I was just reading Martin Fowler's post Mocks Aren't Stubs. He defines the different test doubles (or rather references Gerard Meszaros's xUnit patterns book):
- Dummy objects are passed around but never actually used. Usually they are just used to fill parameter lists.
- Fake objects actually have working implementations, but usually take some shortcut which makes them not suitable for production (an in memory database is a good example).
- Stubs provide canned answers to calls made during the test, usually not responding at all to anything outside what's programmed in for the test. Stubs may also record information about calls, such as an email gateway stub that remembers the messages it 'sent', or maybe only how many messages it 'sent'.

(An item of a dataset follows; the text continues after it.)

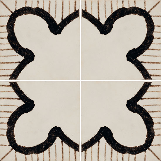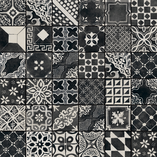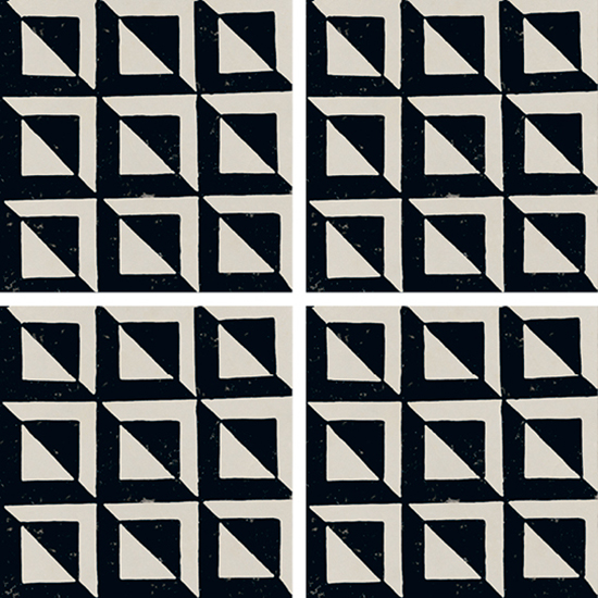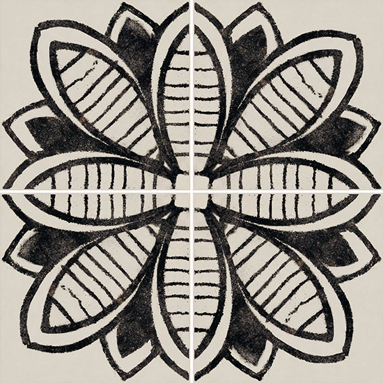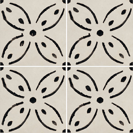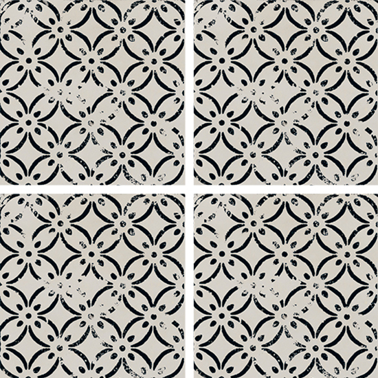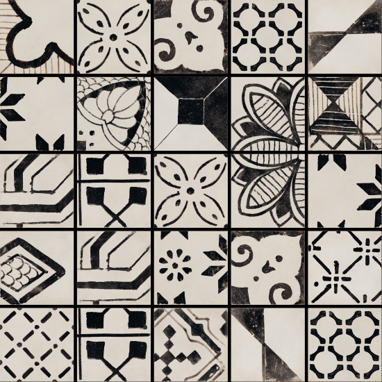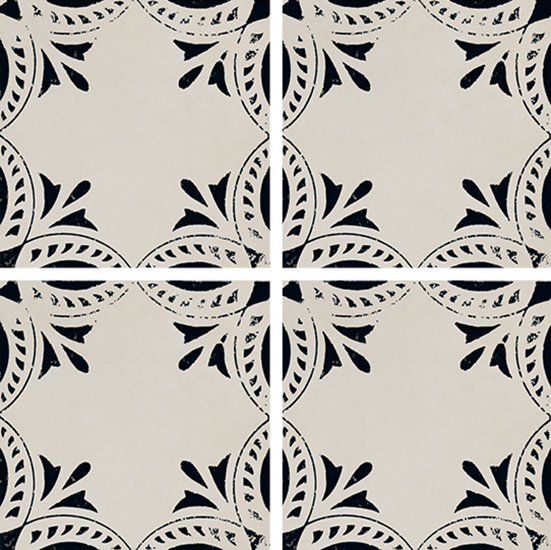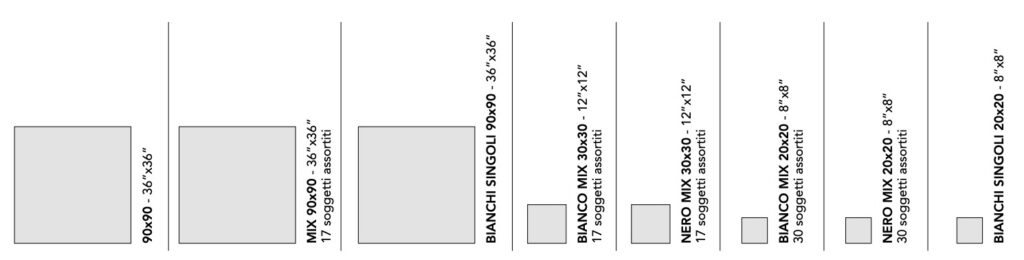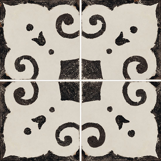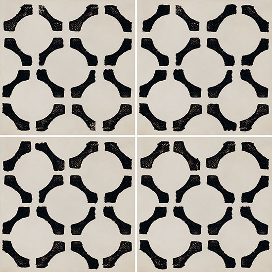 A collection with a sophisticated graphic impact in contrasting black and white, with a distinctive, slightly worn effect that creates a traditional allure. Riggiole comes in three sizes. The signature feature of the collection is the 90×90 size, followed by the more traditional 30×30 and 20×20 options. The decoration has a strikingly hand-crafted look, reminiscent of the skills of the ceramists of centuries ago, establishing a link between past and present. This rich variety of options allows for the design of original patchwork-style porcelain stoneware floors, as well as regular, repetitive laying patterns.

- Mocks are ... objects pre-programmed with expectations which form a specification of the calls they are expected to receive.
Part one of my question would be, is this even authoritative? Is this language widely used and understood?
The second part of my question is that it seems that my mocking framework of choice, Mockito, makes it easy to blur the line, certainly between mocks and stubs.
- Everything is called "mock". Either by calling the Mockito.mock() method or with a @Mock annotation, you use the word "mock" to create mocks, stubs, and sometimes dummies (if a simple "new" won't do). The exception is a "spy" which might be used to make something like a "fake", but can also be used to wrap your system under test.
- Even if you didn't care about the name of the method to create a test double, the double can be verified (or not) and you can include a capture in the verification step, which seem to include some things that a stub would do (remembering calls that were made) and mocks (verifying that certain expected calls were made).
The reason I ask is that I try to name my doubles according to the four things I see above, but then get confused sometimes whether something really has the role of stub or a mock. So, is this a deficiency of Mockito, or is this just how things have evolved and the distinction is not really important?